Re: [xsl] Newbie question on XSL transformations: multiple sorts on element attr

Subject: Re: [xsl] Newbie question on XSL transformations: multiple sorts on element attr
From: Abel Braaksma <abel.online@xxxxxxxxx>
Date: Thu, 08 Feb 2007 10:37:47 +0100
Ronan Klyne wrote:
(Hello)

Are there any published numbers anywhere to demonstrate this?

And do you mean that XSLT2.0 allows you to write faster code, or that
the processors are better?

Ronan

It is not that trivial, because the languages differ so much. I am not sure about published figures, but I remember a post on this list by Dimitre Novatchev (I hope I am right about the poster's name) who showed with FXSL a magnitude of performance gains.

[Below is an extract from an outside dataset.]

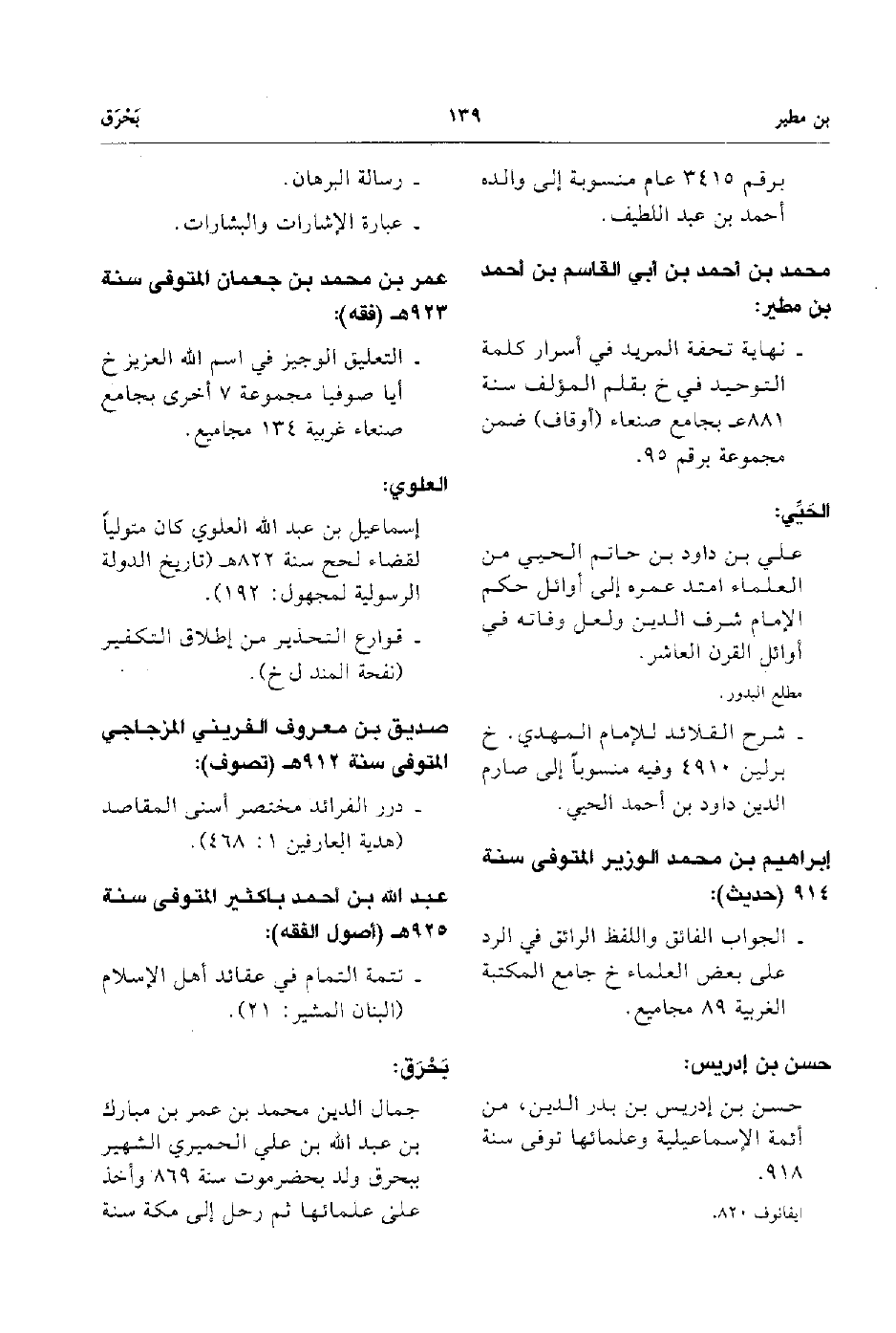 - جمال الدين محمد بن عمر بن مبارك بن عبد الله بن على الحميري اشهير ببحرق ولد بحضرموت سنة869 وأخذ على علمائها ثم رحل إلى مكة سنة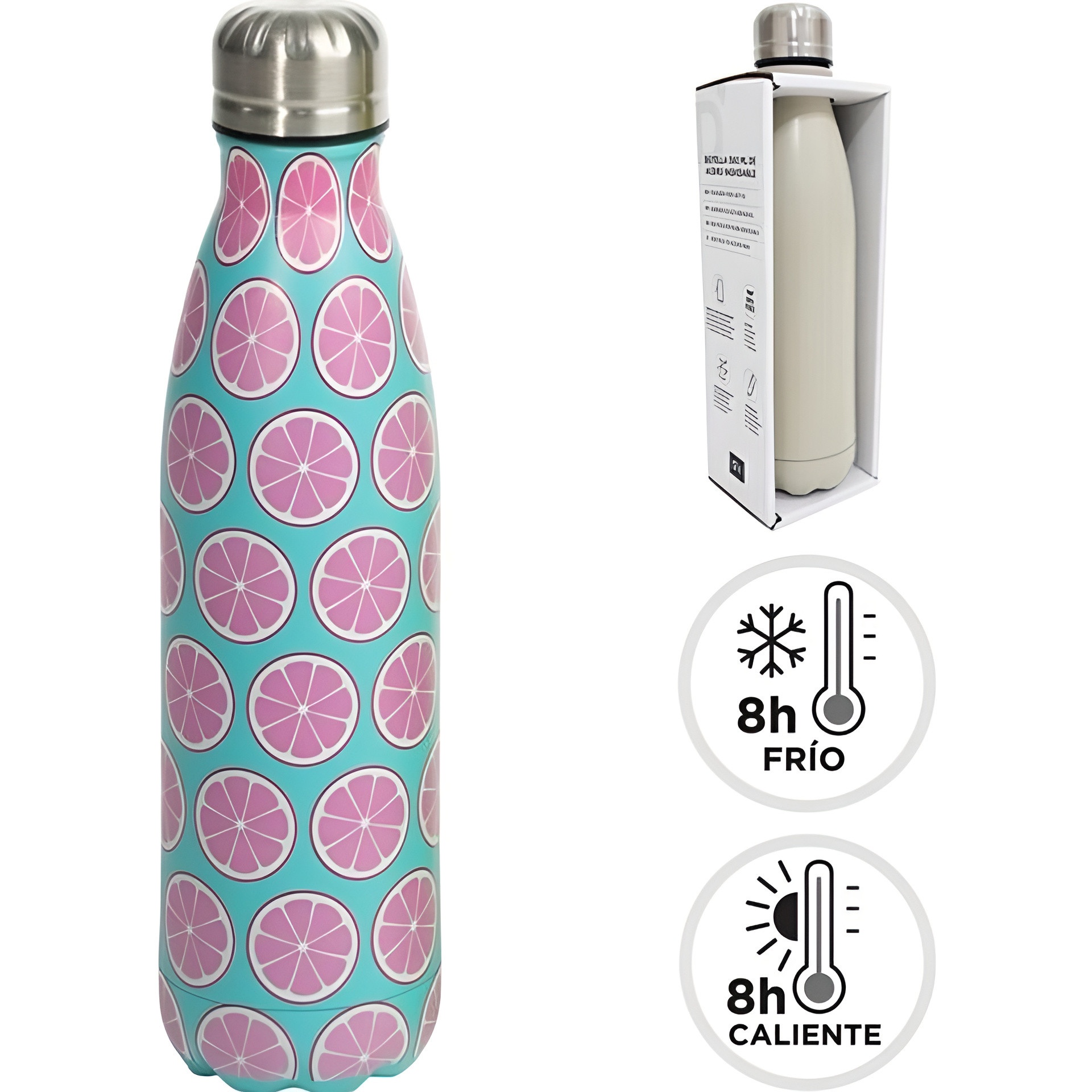 Bouteille isotherme au motif fruité et coloré, parfaite pour emporter vos boissons préférées avec style. Son design moderne et joyeux apporte une touche ludique à votre quotidien. Légère et facile à transporter, elle est idéale au bureau, à la salle de sport ou lors de vos sorties en plein air.

That said, a simple example shows what can be achieved and why it is so significant. In XSLT 2, you can write "replace($value, "someString", "someOtherstring"), to replace all occurrences of 'someString' with 'someOtherstring' in the value $value (these can be regular expressions, but parsing a regex in XSLT 1 is so utterly complex and time consuming, the comparison wouldn't be fair). The same replace will take a recursive template in XSLT 1.

Even without running the tests, you can imagine that XSLT 2 processor designers can optimize a single function with strict semantics much easier than they would with a complex recursive template.

Similar performance gains are made with XSLT having a new type system, with strong typing and sequences, which both were not there in XSLT 1. Not having a Node type just about everywhere makes for pretty amazing performance gains.

There are very many examples of XSLT 2 outperforming XSLT 1. But comparisons are hardly fair, as it almost feels like comparing a calculation program written in MS DOS Batch language (yes, it can be done!) to one that is made in JavaScript. Both are interpreted, but the languages differ a lot in their capabilities making comparising both look bad.